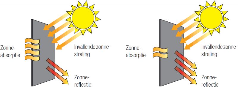 Donkerkleurige coatings die rechtstreeks blootgesteld zijn aan zonnestraling nemen meer warmte op dan lichtkleurige. Dit impliceert dat ze onderworpen zijn aan grotere temperatuurschommelingen en bijgevolg ook aan grotere thermische vervormingen. Zo kan het temperatuurverschil tussen een wit en een donker oppervlak met een gelijkaardige blootstelling oplopen tot 20 à 30 °C.
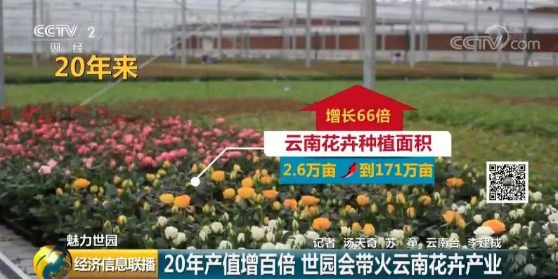 20年来,整个云南的花卉种植面积从2.6万亩发展至目前的171万亩,增长了66倍;而云南花卉总产值从4.7亿元增长到了525.9亿元,增长了112倍。
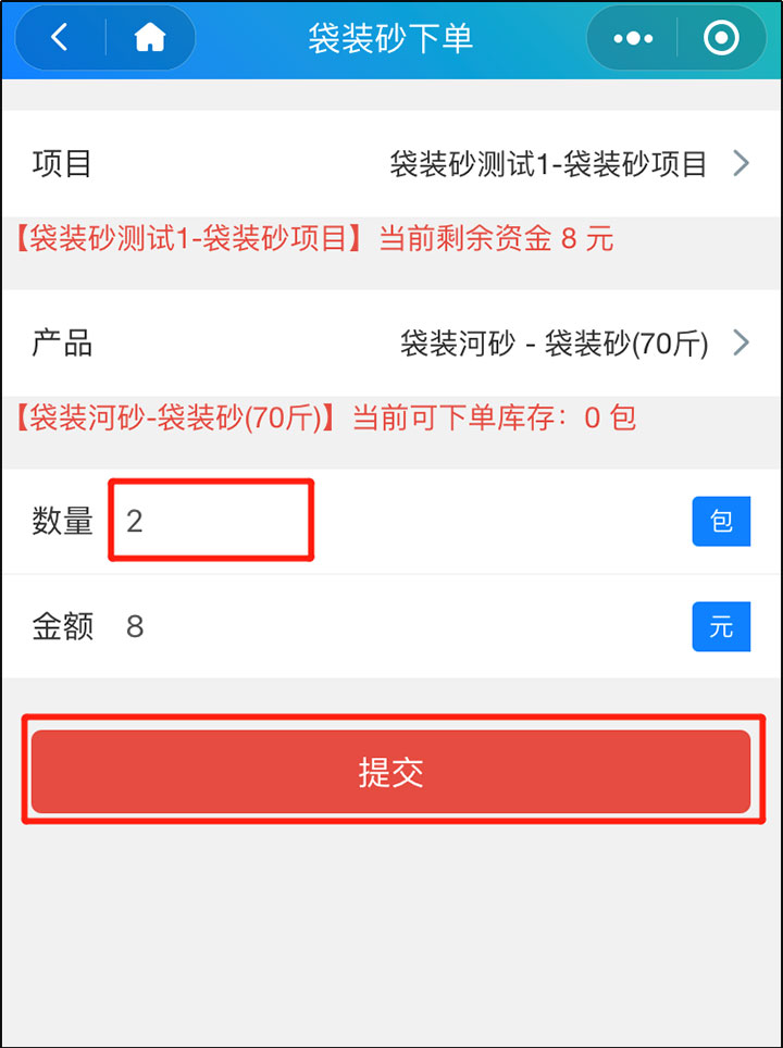 3.選擇“注冊用砂戶” 第五步:企業(yè)下單 1. 選擇“袋裝砂” 2.選擇“購砂申請”
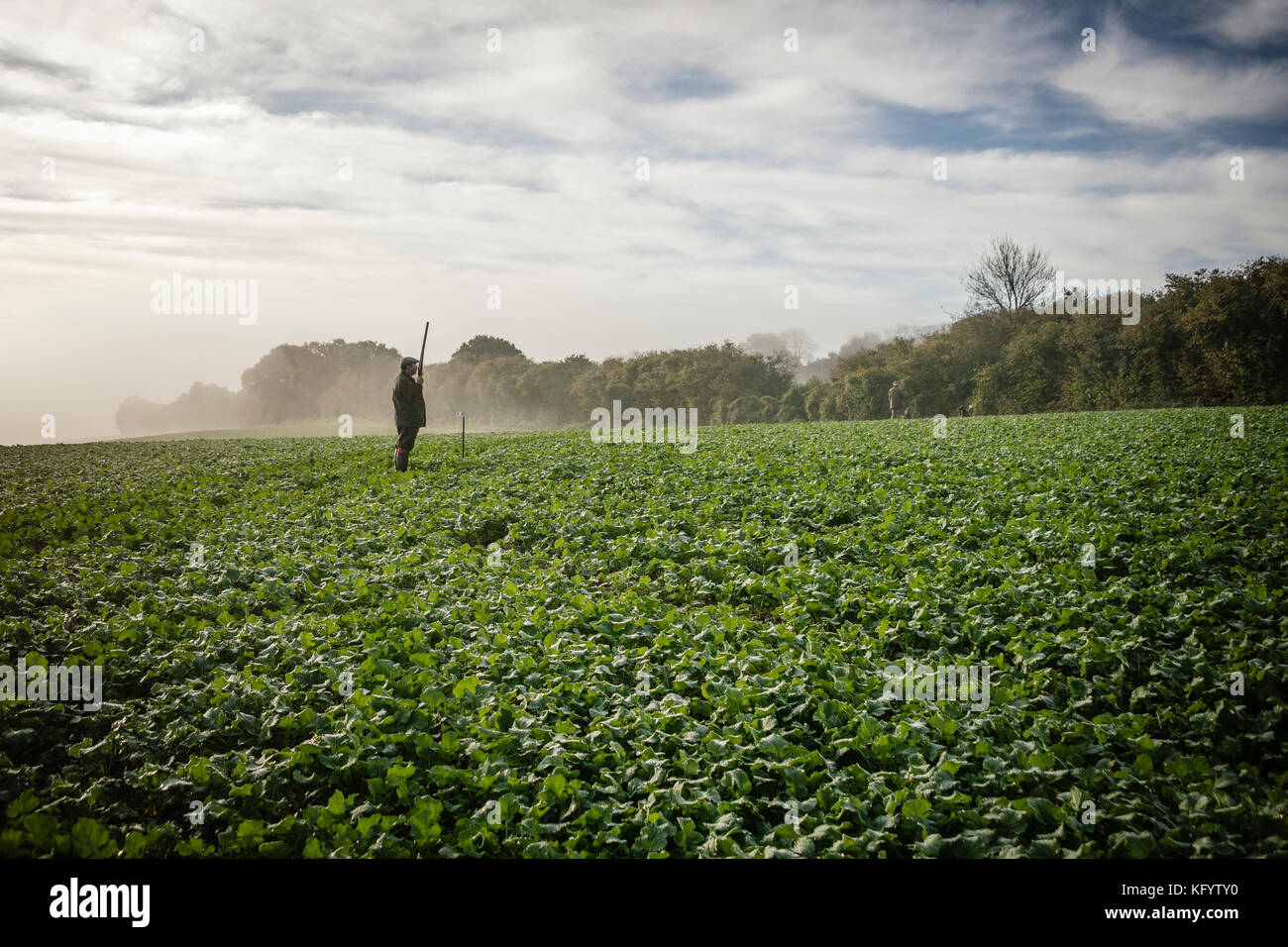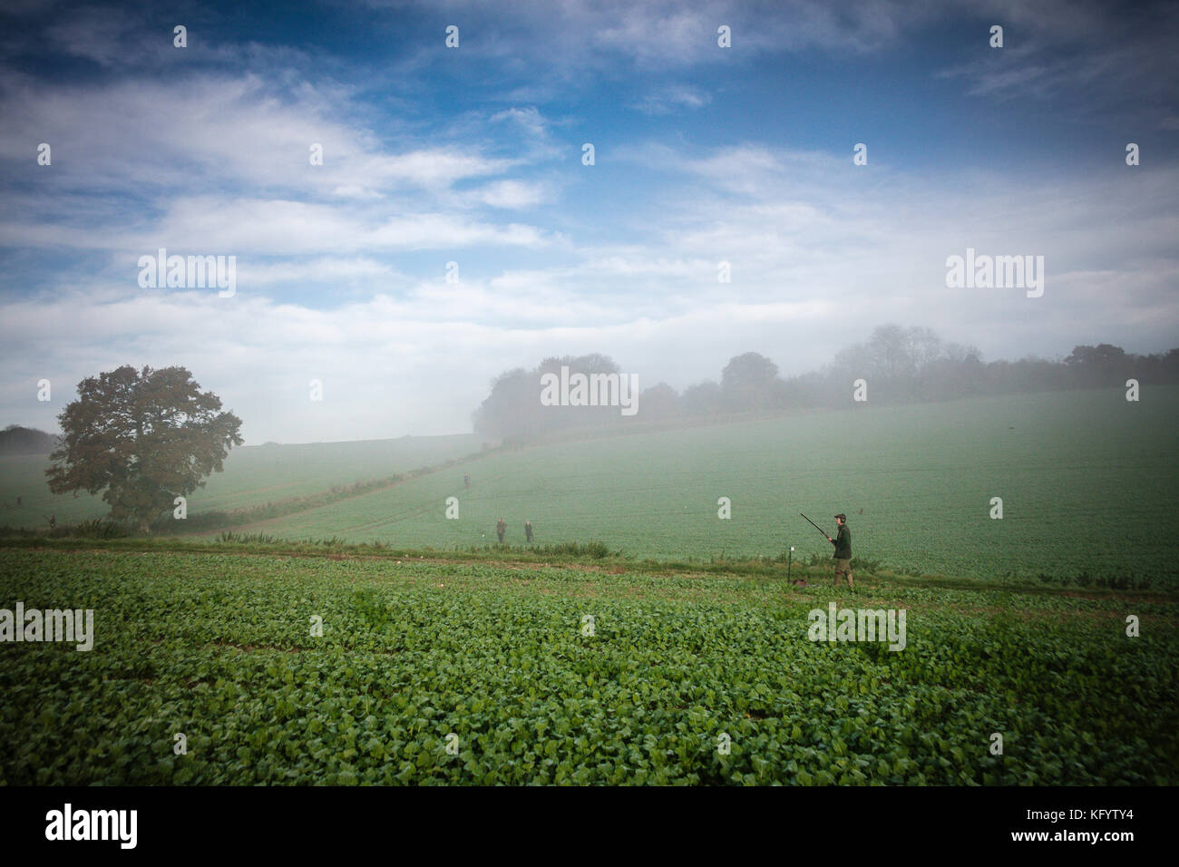 Gentlemen guns waiting at their pegs on pheasant shoot on a misty morning, Hampshire, England

************

▶ _Work instructions_: Please copy the data above word for word, but only from the line that contains "20年来,整个云南的花卉种植" through the final line, both included, and without the pictures.

▶ _Response to the exercise_:
 20年来,整个云南的花卉种植面积从2.6万亩发展至目前的171万亩,增长了66倍;而云南花卉总产值从4.7亿元增长到了525.9亿元,增长了112倍。
 3.選擇“注冊用砂戶” 第五步:企業(yè)下單 1. 選擇“袋裝砂” 2.選擇“購砂申請”
 Gentlemen guns waiting at their pegs on pheasant shoot on a misty morning, Hampshire, England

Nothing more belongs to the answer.